Wednesday, February 18, 2015

Crossing the Sea - Dark, soggy, exciting

Red tide streaks through the water
We were treated to three whale sightings on February 17th during our afternoon passage south along the Baja peninsula. I let out a ‘whale!’ shout on sighting a good size spout followed by a tail at some distance from the bow. A few minutes later, a full tail splash along the forward portside, and finally a full length skim along the surface just a football field from our port side, gliding until a flick of that massive tail sent him diving. Of course, the camera in hand but not fast enough to capture the moment except in our memories.

And on February 14th - Sweet Valentine! We celebrated by crossing the Sea of Cortez, leaving San Carlos midday for the Baja and arriving after 18:15 hours at 7:30am on the 15th. Ours was truly a dark and soggy night. After so much rain during the passage, Pura Vida is clean and so are we, as we don’t have cover over our cockpit allowing us the full experience of whatever the weather brings.
Another amazing sunset between rain squalls
There was plenty of lightning all around - always scary on a sailboat with a 50 ft mast sticking up as if to say get me if you can! Thankfully, lightning strikes stayed at bay, thunder roared through the boat louder than our engine, stars poked through during the night and at 3am the waning crescent moon occasionally appeared through amazing cloud formations from a B-rated scary B&W movie.

We slowed down to arrive at the anchorage in the morning light which was slow in coming with such a gray sky. After 20 hours of testing the newly functioning autopilot and making our passage across the Sea, we dropped anchor in lovely Bahia Santo Domingo at the entrance to Bahia Concepcion. We’d purchased a bottle of champagne on our most recent trip to Nogales AZ to pick up the replacement autopilot computer. Since we were underway for the entire day and night, why not enjoy the champagne with our own boat-style Sunday brunch once safe in our anchorage? We toasted our safe arrival, ate slices of cold quiche I’d prepared for our passage then went to sleep for the morning. During night passages, neither of us sleep much (especially on the first night of our first passage) so that rest is magical and restorative. 

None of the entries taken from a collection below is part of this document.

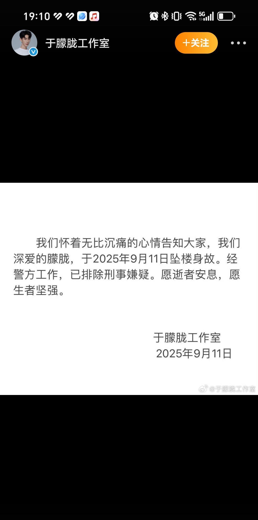 9月11日于朦胧一路走好,看到工作室的讣告发文真的很伤心,虽然不是粉丝但是他演的好几部电视剧我都看过,颜值很高是很有辨识度的演员 ,真的很有实力的演员,最后这样的离开世界很遗憾。 不知道父母是不是已经到来陪伴他了吗?普通的家庭漂亮的男孩,娱乐圈的大染缸真的不适合这样的大男孩。可惜了还没有结婚,就这样走了,父母年龄大了得多伤心。 如果有来世希望他可以做个普普通通的人,然后有个小家庭快乐过一生。这么高的颜值可惜没结婚,没孩子。要是有孩子一定很漂亮。
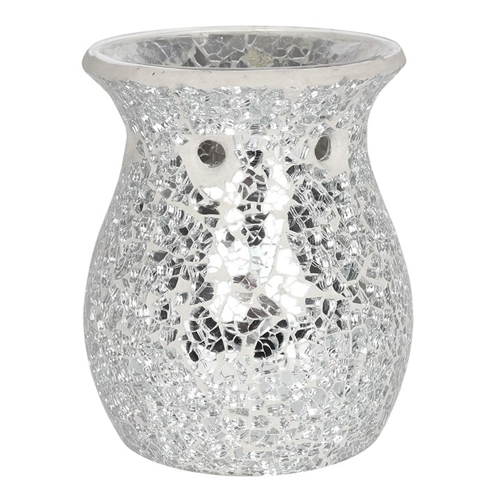 Beautiful large oil burner with a silver mirrored crackle effect. This item can also be used as a wax melt burner. Product Dimensions: H14cm x W11cm x D11cm Packaged Dimensions: H16cm x W12.
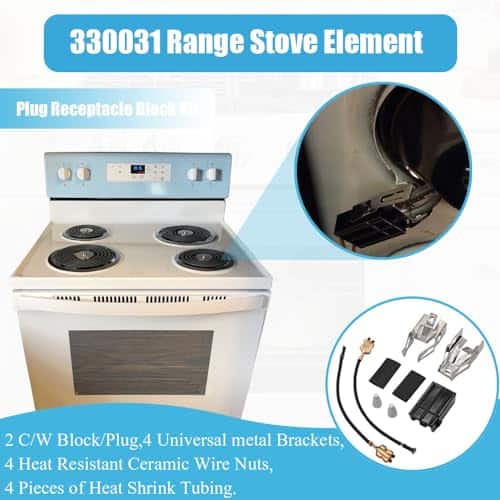 El Kit de Receptáculo de Elemento de Hornilla para Estufa incluye Bloque de Receptáculo, cables de alta temperatura, tuercas de cerámica, dos soportes metálicos diferentes para que coincidan con el antiguo, tubo termorretráctil. El Modelo 330031 2 Pack Universal Range Stove Element Plug Receptacle Block es fácil de instalar e incluye todo lo necesario para la instalación. Reemplaza números de parte como 330031, AP3075808, PS340571, EAP340571, PD00002360, 814399, 5303935058, etc. Compatible con marcas como Whirlpool, Roper, Caloric, Magic Chef, KitchenAid, Kenmore, Estate, Jenn-Air, Hoover.

Hundreds of pied billed grebes move in unison
As we sat in the cockpit, we heard noises reminscent of whales breathing then realized it was the mass of grebes that surface and dive in unison, making the most amazing noise as they rustle the surface of the water.

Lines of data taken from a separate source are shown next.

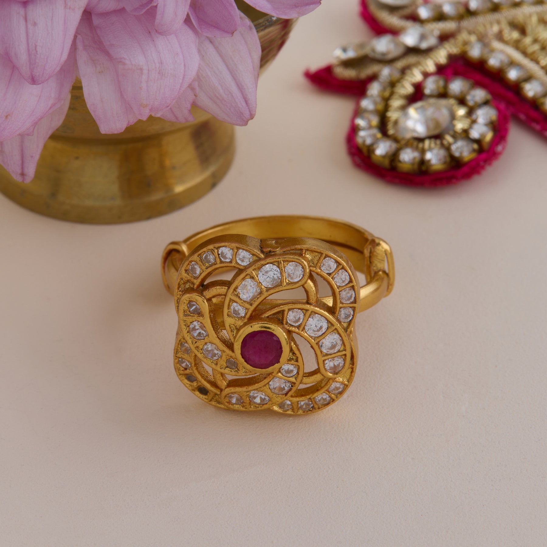 The Roohgul Ring showcases expert craftsmanship, featuring an elegant Rose design adorned with sparkling CZ stones. At its heart sits a vibrant Ruby, adding a touch of refined luxury and symbolic passion. This ring seamlessly blends classic beauty with meticulous detail, perfect for those who appreciate artistry in jewellery.
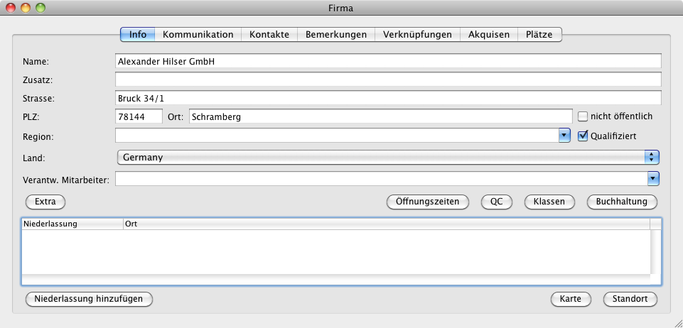 Über Ctrl-Klick auf die Firma kann obiges Fenster jederzeit wieder geöffnet, damit die Verbindung zum odt-Dokument angezeigt und dieses über einen Doppelklick geöffnet werden.
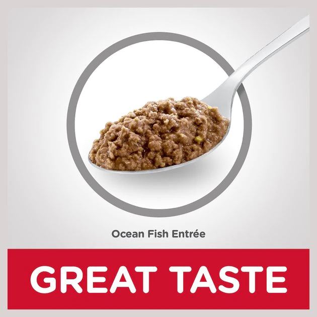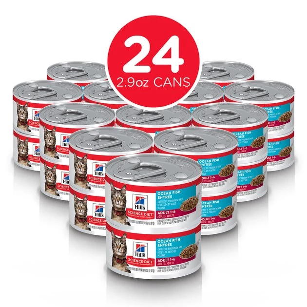Hill’s Science Diet Adult Ocean Fish Entree Canned Cat Food provides your four-legged friend with great tasting nutrition for a long, happy life. Made with wholesome ingredients such as savory ocean fish, this nourishing recipe is balanced to meet your pet’s needs, is easy to digest and helps your kitty maintain an ideal body weight. Manufactured in the United States, every ingredient meets strict requirements for purity and nutrient content which exceed industry standards. Formulated for adult cats from 1 to 6 years of age, this Hill’s Science Diet provides your cat the nutrition she needs for a lifetime of health and happiness.
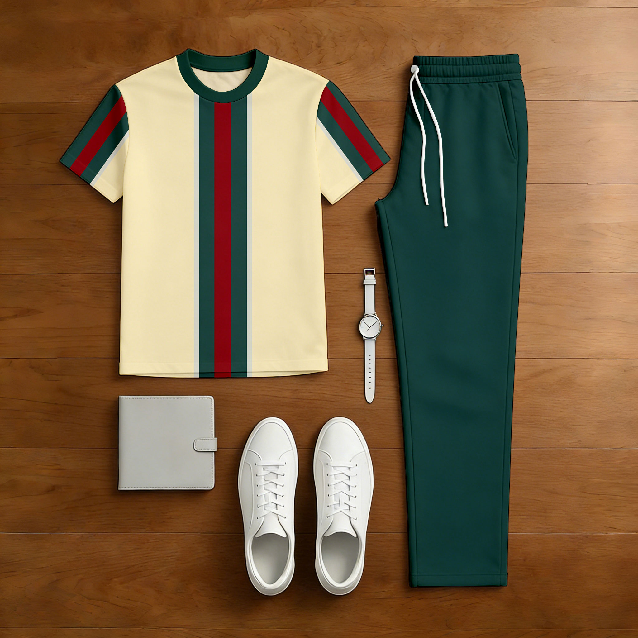 Men's Casual Green & Yellow Color Matching Striped Printed Short Sleeved Polo Shirt & Trousers Two-Piece Set

Sunset at Bahia Santo Domingo


And so we enjoyed a relaxing day between sun and rain, watching rain squalls with wicked storm clouds swirling around followed by sun breaks then late afternoon, huge cumulo nimbus clouds brought in the most amazing lightning storm, thankfully a few miles to the north, watched from the safety of our dry cockpit. 
Our anchorage at San Carlos before heading across the Sea

Great profile rock formation at the entrance to Bahia San Carlos

1 comment:

  1. So glad you finally got underway! Wishing you safe travels and wonderful adventures as you continue your explorations this cruising season. Those rafts of little grebes are amazing - they delighted us in San Juanico ...diving in unison and resurfacing....Cheers.